> [EXTRACTED INFORMATION]:

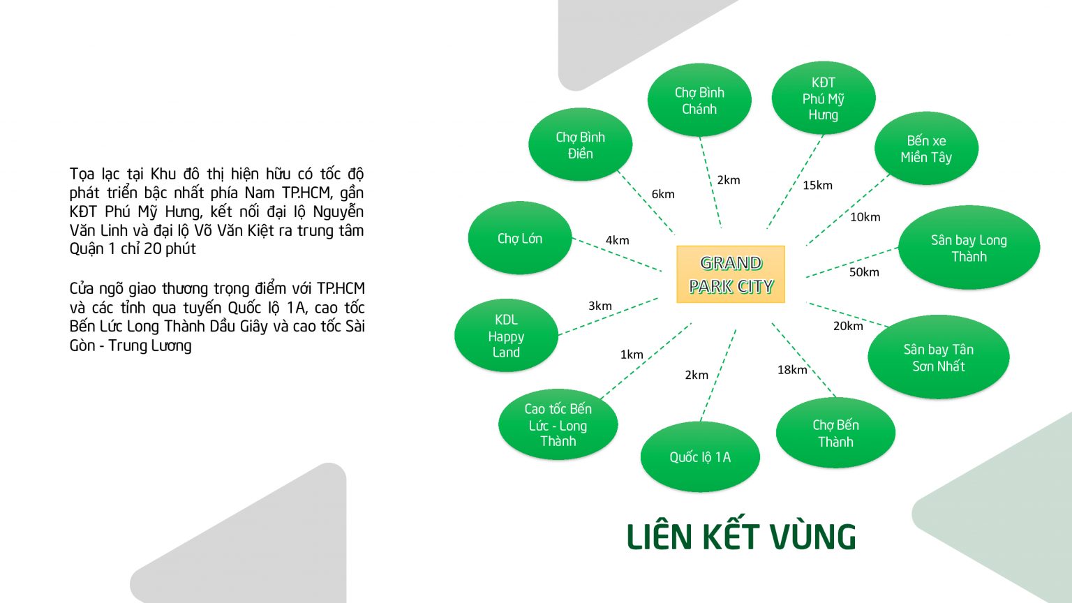 • 5 phút - 10 phút: Grand Park City > Cách Bến xe Rạch Kiến, Chợ Bình Chánh, UBND Huyện Bình Chánh, Cao tốc Bến Lức – Long Thành, Quốc lộ 1A, Đại lộ Nguyễn Văn Linh, KCN Vĩnh Lộc 2, Siêu thị Satra Foods, KCN Cầu Tràm, UBND Xã Phước Lý.
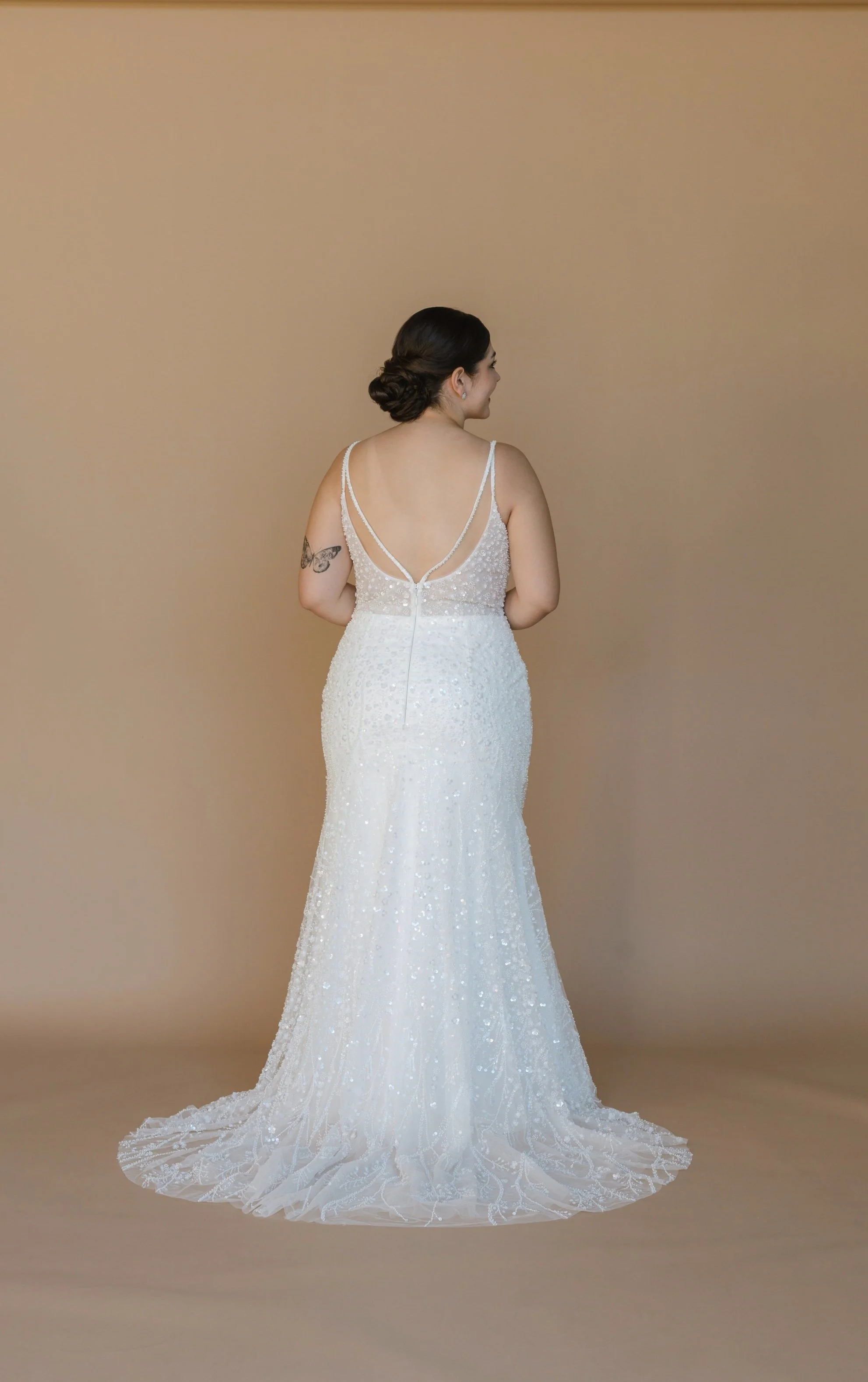 Seed bead and sequin lace overlay, sweetheart neckline with decorative boning, illusion low back with double beaded spaghetti straps, fit to flare, illusion sweep train, invisible zip.
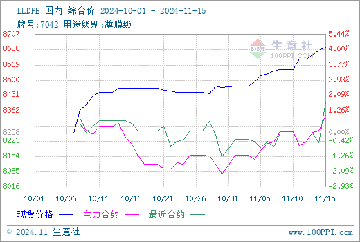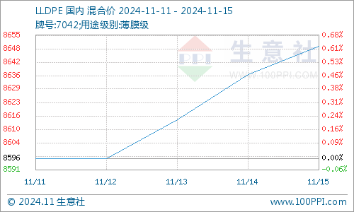 据生意社商品行情分析系统监测,LLDPE(7042)11月11日国内价格在8596元/吨,11月15日均价在8650元/吨,期间报价上涨0.62%。
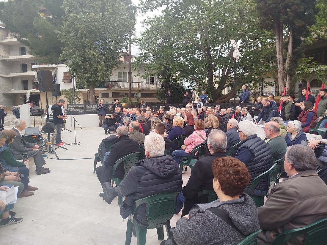 Βρισκόμαστε για ακόμη μια φορά εδώ, σε έναν ιερό τόπο του νομού μας, σε έναν από τους δεκάδες τόπους μέσα στη χώρα, που είναι ποτισμένος με το αίμα των κομμουνιστών, με το αίμα των αγωνιστών του ΕΑΜ, με το αίμα του λαού μας.
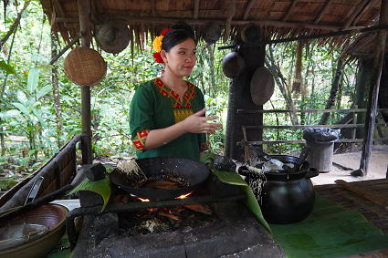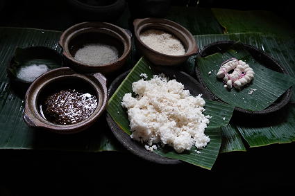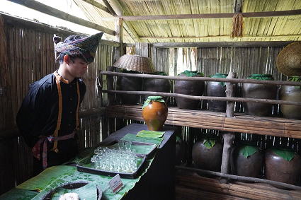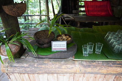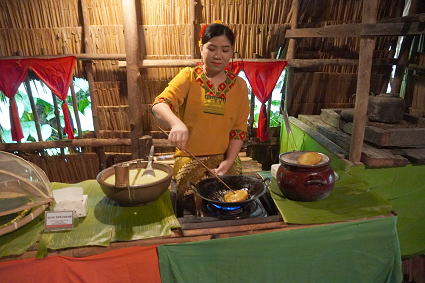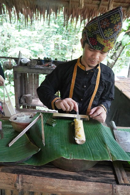 ドゥスン族4 ドゥスン族は地酒もさることながら、お料理も得意。 屋外には竹筒ごはん、地酒、ハチミツの 試食、試飲のコーナーが・・・ 竹筒のかやくご飯、ワインライス、ハチミツ、 御馳走様、どれもとてもおいしかった。 |
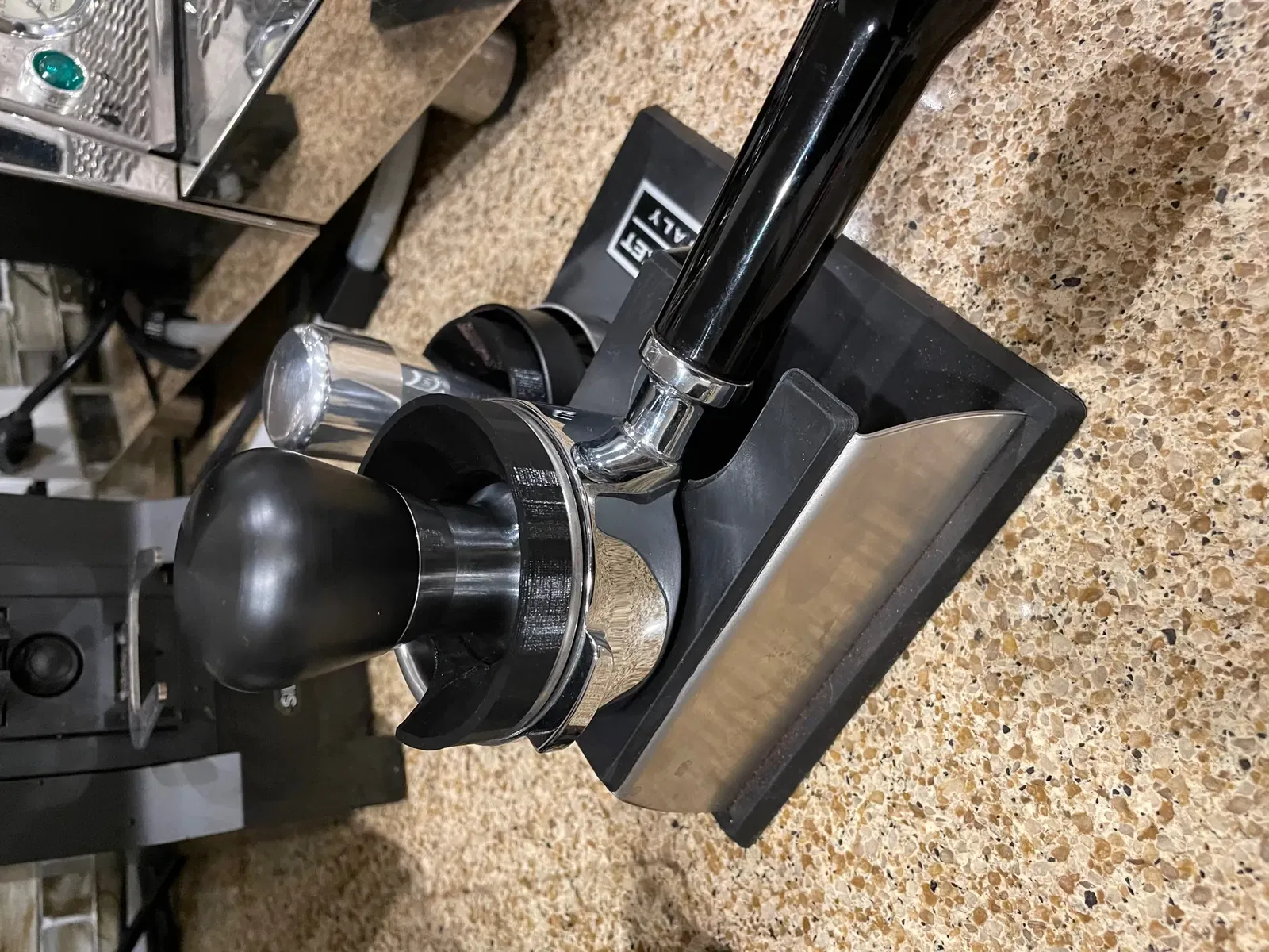 Điều này tiết kiệm thời gian chuẩn bị bộ lọc 7 gram trên một tay cầm 58mm. Cà phê được dẫn vào giữa bộ lọc và một hướng dẫn căn chỉnh cái nén 41mm của bạn thẳng vào cà phê.

> [WHAT THE TASK REQUIRES]: Please print exactly the lines from the one holding "ドゥスン族4 ドゥスン族は地酒もさることながら、お料理も得意。 屋外には竹筒ごはん、地酒、ハチミツの" through the final line of the data above, including both, and skip all pictures.

> [OUTPUT]:
 ドゥスン族4 ドゥスン族は地酒もさることながら、お料理も得意。 屋外には竹筒ごはん、地酒、ハチミツの 試食、試飲のコーナーが・・・ 竹筒のかやくご飯、ワインライス、ハチミツ、 御馳走様、どれもとてもおいしかった。 |
 Điều này tiết kiệm thời gian chuẩn bị bộ lọc 7 gram trên một tay cầm 58mm. Cà phê được dẫn vào giữa bộ lọc và một hướng dẫn căn chỉnh cái nén 41mm của bạn thẳng vào cà phê.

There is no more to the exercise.